Jim began his career years ago as a business analyst at KeyBank. What words of wisdom might he impart to someone in such a position now that he's gained the perspective of a serial disruptor, visionary, and CDO?

Focus on the key skills and attributes that you want to develop ... [including] some computer science and coding capabilities. And then learn the business; learn what the outcome is that you're trying to drive. And if you can combine components of those things on the qualitative side, learn to tell the story to communicate the message. I was not a great communicator early in my career, and I got that feedback. I spent a lot of time in front of the mirror recording myself and talking about things, and it has helped through the process of moving into leadership.
And [there will be days when you say]: "I can't do this. I don't know what I'm doing. I am completely out of my depth." Quite honestly, because of how fast technology is moving, it's almost every day that I feel like I'm completely out of my depth -- even now. The good part is I've got brilliant people around me. ... What you need to do is know how to leverage your teammates, leverage the people that work for you and with you, and together you will be the best you can be.

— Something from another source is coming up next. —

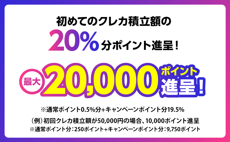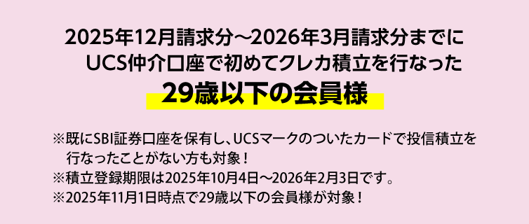 期間中、キャンペーンにご応募のうえ、UCS仲介口座で初めてUCSマークのついたカードでクレカ積立を行うと、初回クレカ積立額に対して20%ポイント進呈!
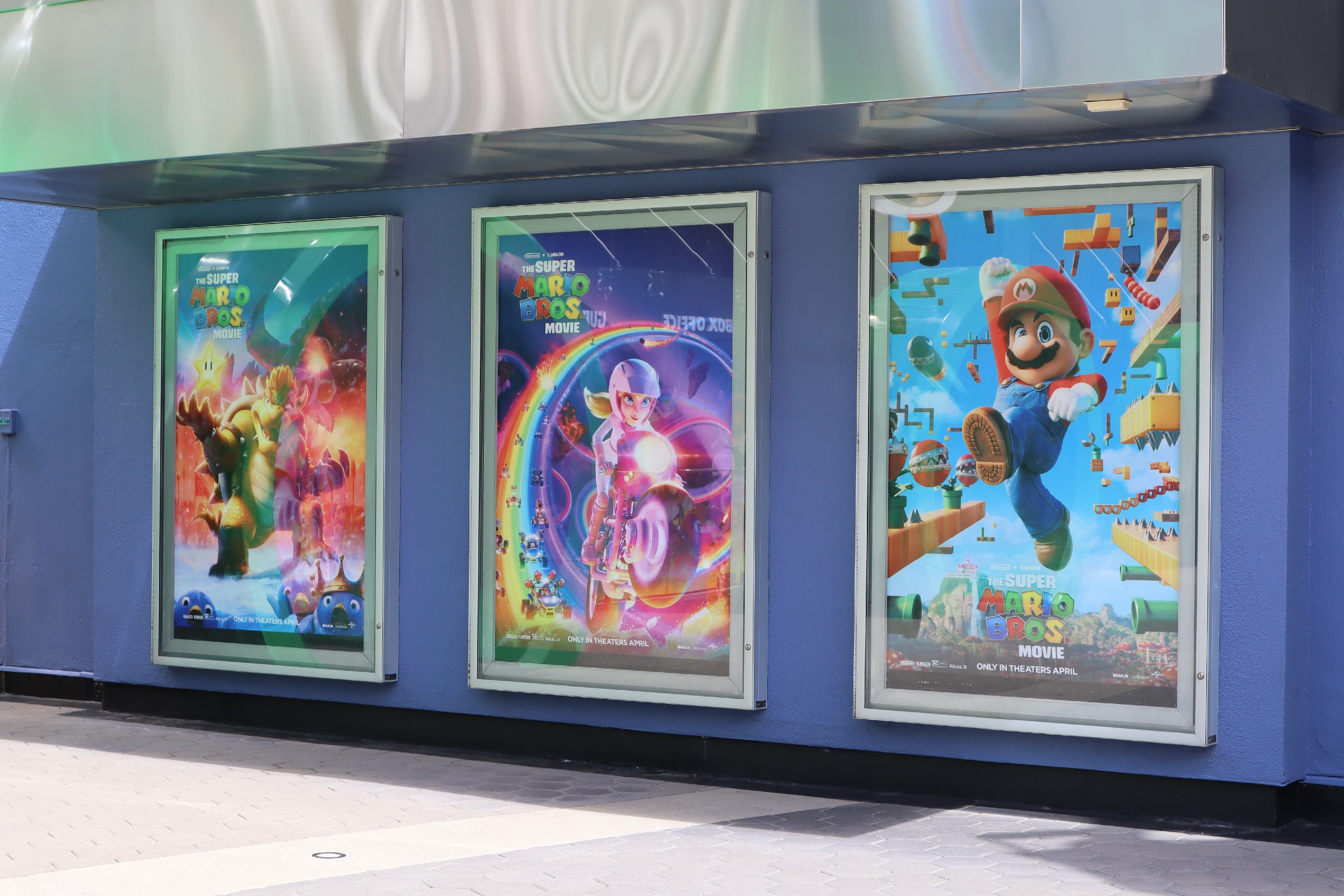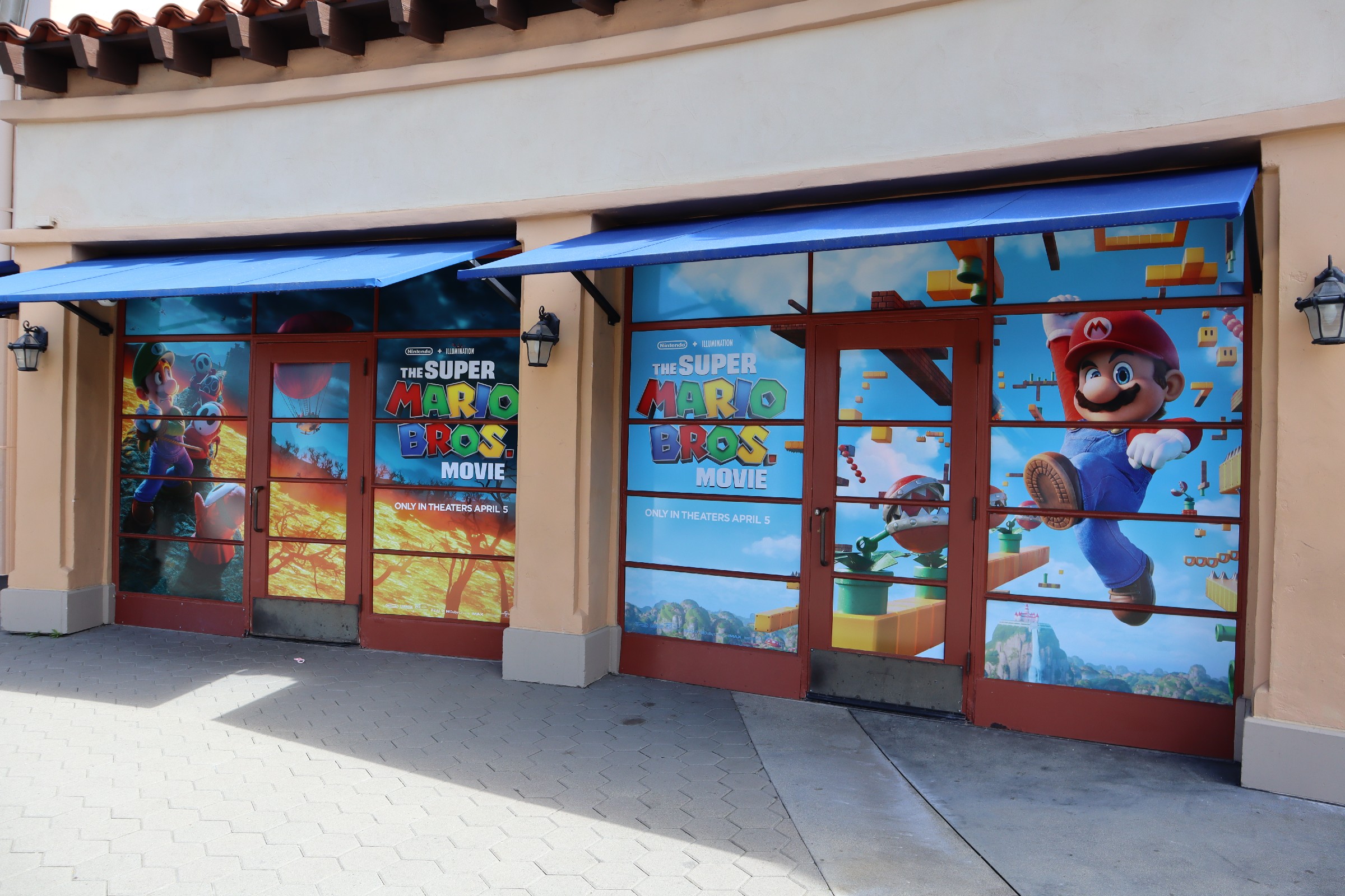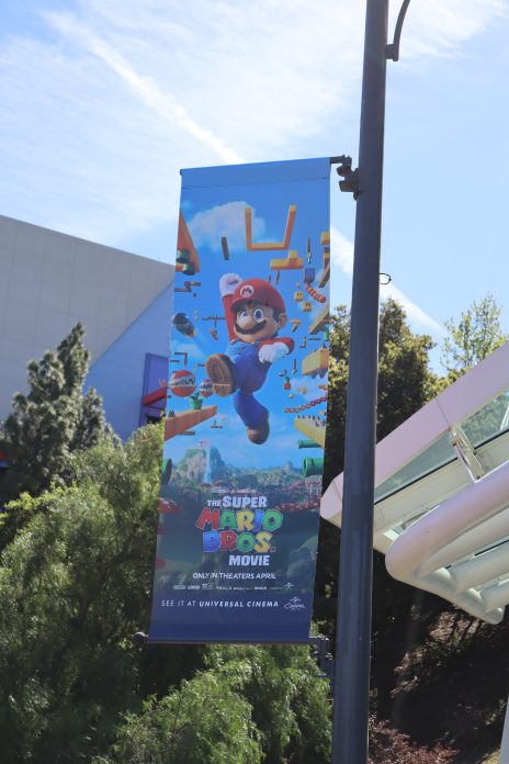 Upon exiting the park, posters promoting the release of The Super Mario Bros. Movie can be seen.

At this point in 2020, for what is Jim most grateful?

I'm grateful for Zoom. I'm grateful for Teams. I'm grateful for Skype and WebEx and all of the digital tools that Nationwide and other companies have prepared to get us here. I am an introvert at heart, to be honest; my profession requires me to be more of an extrovert, which takes a lot of energy, but there is something about being able to see people's facial expressions and to interact, and I don't believe companies could have been as successful through this virtual transformation without the great tools, technologies, and capabilities we have to see each other and to be able to interact in the way we are. It's pretty impressive.


Jim Tyo is CDO at investment management firm Invesco, and the former CDO at Nationwide, where he was responsible for overall strategic vision, planning, execution, and management of all activities related to the operation of the Enterprise Data Office (EDO).

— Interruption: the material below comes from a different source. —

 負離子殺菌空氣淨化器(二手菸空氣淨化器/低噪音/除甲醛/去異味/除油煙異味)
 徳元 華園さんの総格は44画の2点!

With more than a decade under his belt as a senior executive in the data field, Jim has envisioned, championed, and built data analytics organizations, processes, and technologies from concept to design in implementation and through execution. His vision has created significant culture changes while shifting information delivery methodologies — including innovative agile execution approaches — ensuring appropriate controls and governance focused on a data-driven experience and empowering business outcomes.